- _WHAT IS NEEDED_:
What is needed is every line from the one holding "Размер полотенцесушителя - мм" to the last line of the data below, printed exactly and without pictures.
Segment Start: SOURCE DATA
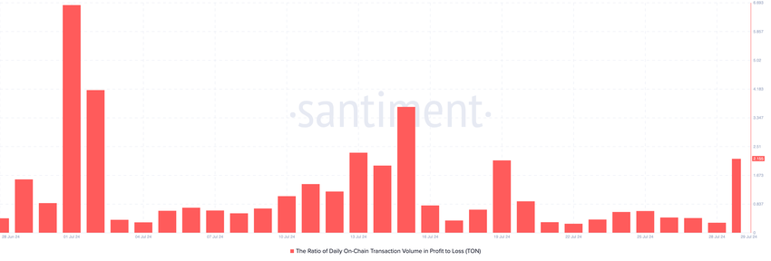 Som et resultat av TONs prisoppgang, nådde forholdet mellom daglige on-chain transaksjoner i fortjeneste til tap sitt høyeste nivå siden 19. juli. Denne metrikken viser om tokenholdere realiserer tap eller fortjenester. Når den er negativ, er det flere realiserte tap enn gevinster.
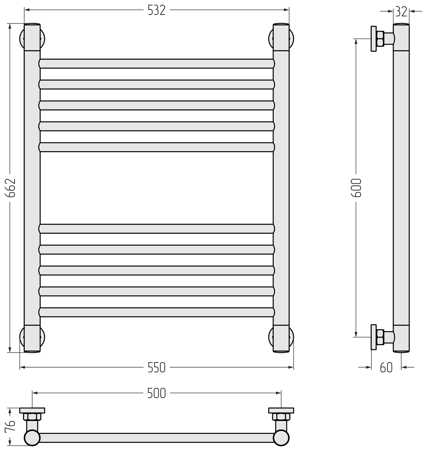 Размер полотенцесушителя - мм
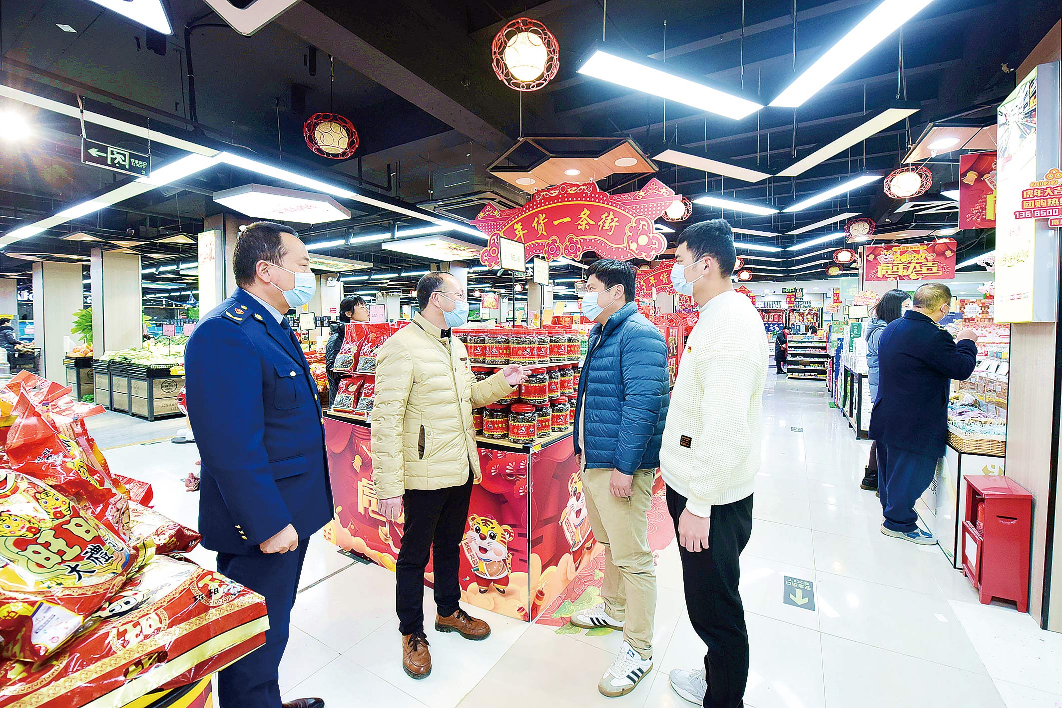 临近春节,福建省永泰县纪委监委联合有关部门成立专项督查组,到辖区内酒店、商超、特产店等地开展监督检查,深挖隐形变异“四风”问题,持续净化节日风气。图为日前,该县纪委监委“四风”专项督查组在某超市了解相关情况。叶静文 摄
Segment End: SOURCE DATA
- _ANSWER TO THE PROBLEM_:
 Размер полотенцесушителя - мм
 临近春节,福建省永泰县纪委监委联合有关部门成立专项督查组,到辖区内酒店、商超、特产店等地开展监督检查,深挖隐形变异“四风”问题,持续净化节日风气。图为日前,该县纪委监委“四风”专项督查组在某超市了解相关情况。叶静文 摄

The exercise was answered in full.